Editing Fuji Photos on Linux

Darktable is my favorite RAW editor. It's a program for developing digital negatives ("RAW files") to JPEGs. But, I've long struggled with matching the quality of the out-of-camera JPEGs of my Fuji camera. Let me explain.

Today's cameras capture an astounding amount of detail, far more than monitors can display or printers can print. And then they crush it down to a printable and viewable JPEG file. But that crushing operation is idiomatic for each camera, irreversible, and not always appropriate to the image. And at those inappropriate times, when you want a wider dynamic range or different colors, a RAW editor like Darktable can take a digital sensor dump ("RAW file"), and render it differently. The challenge is that the camera's own JPEGs are already very, very good, and it's a fine line to walk between fixing a particular flaw with the image, while retaining as much detail as possible.

Fuji cameras produce notoriously difficult RAW files, as their internal processing is (said to be) particularly elaborate, and they use an unusual image sensor. This post is about matching the quality of Fuji's JPEGs in Darktable, while maintaining the fidelity and malleability of the RAW files.
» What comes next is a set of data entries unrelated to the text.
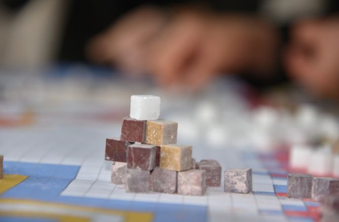 Kültür Yolu Projesi kapsamında bölgede bulunan doğal taşlardan halı desenlerine uygun renkler seçilerek özel işlemle hazırlandı.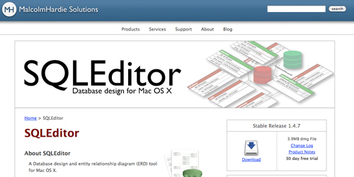 A Database design and entity relationship diagram (ERD) tool for Mac OS X. SQLEditor replaces typing SQL by hand with dragging, dropping and clicking. It makes creating databases much faster and really reduces errors.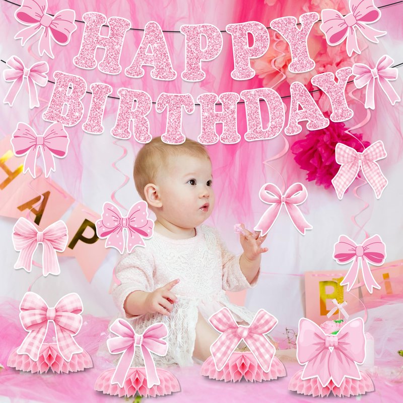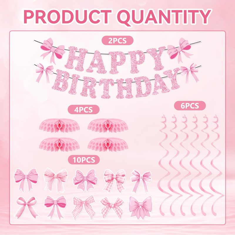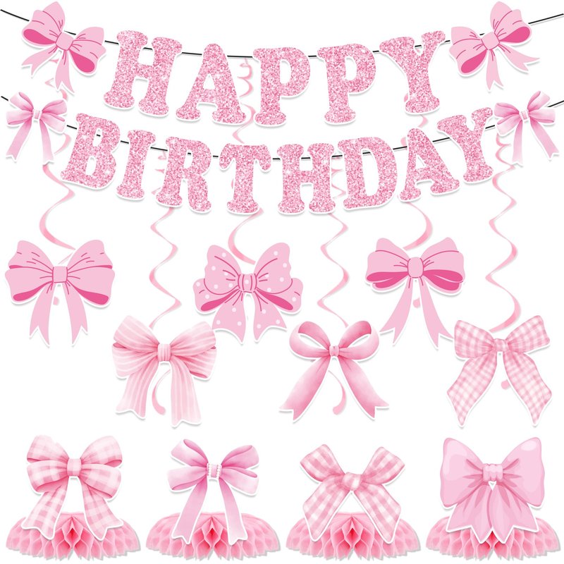 - Packing Include: This package includes 2 pcs coquete happy brithday themed banner and 10 pcs bow themed hanging swirls, 8 ribbons, along with 4 pink honeycomb centerpieces,offering a perfect combination to decorate your themed brithday parties

Here are a few renditions of a photograph I took, the first created with my revised process, the second is Fuji's JPEG, and the third is Darktable's default rendition. First the entire picture, the a zoomed view so you can see each pixel:



While contrast and saturation don't match 100% in my version and Fuji's, the colors are close enough for further processing. Darktable's default version does not match those colors at all. The zoomed-in version highlights even worse problems with sharpness and detail retention. After working with Fuji files in Darktable for about a year, and editing about 3500 Fuji files, I finally found a workflow that reliably produces results on par with Fuji's JPEGs:

  1. Use the Iridient X-Transformer to convert Fuji's RAF RAW-files to DNG RAW-files, and have the X-Transformer do the "More Detailed" demosaicing, and the full lens correction.
  2. Use Stuart Sowerby's LUTs instead of Darktable's Base Curve or Filmic RGB.

My first gripe with Darktable's rendering of Fuji files is that the demosaicing and lens corrections are not particularly great. Pictures simply come out softer than with other tools, and chromatic aberrations remain an issue. The Iridient X-Transformer completely fixes this issue for me. The X-Transformer can also do sharpening and denoising, but I find those are better relegated to Darktable where needed. "But… that's proprietary Windows software!!!". Yes, it is. And it works beautifully in Wine.

My second issue is colors. Darktable needs a lot of massaging to produce Fuji-like colors. The Base Curve module (shown above) really does not do Fuji files justice most of the time. And while Filmic RGB is much better, it requires a lot of tedious adjustments even in simple cases. So instead, I use LUTs extracted with a color chart and some fancy math to replicate Fuji's colors. At the moment (v3.0), Darktable understands only .cube and .png LUTs. But Stuart Sowerby's website has them in .3dl. So for now, you need to install a 3D LUT converter, and convert them to .cube manually. On Windows.

With these two steps you can develop your Fuji RAFs better than your camera, and with relatively little fuss. I'll leave you with a finished render of the image above:

mine.jpg
Tags: photography linux
21 Jan 2020

I Miss My Mac

There was a time, maybe from 2009 to 2011, when Apple computers were glorious. They were elegant devices, beautiful to me, and powerful. Never before, or since, have I loved a machine as I loved that MacBook Pro early 2011.

I miss that, being able to love the elegance and power a machine.

Nowadays I mostly use KDE Linux, which I can tolerate. Things occasionally break, stuff sometimes doesn't work as intended, but I can generally work around these quirks, so they don't bother me too much. Today, off the top of my head, Firefox crashed, Thunderbird couldn't display one folder, Zotero had to be re-installed, one monitor had to be power-cycled when waking the computer, and the laptop battery died way too quickly again.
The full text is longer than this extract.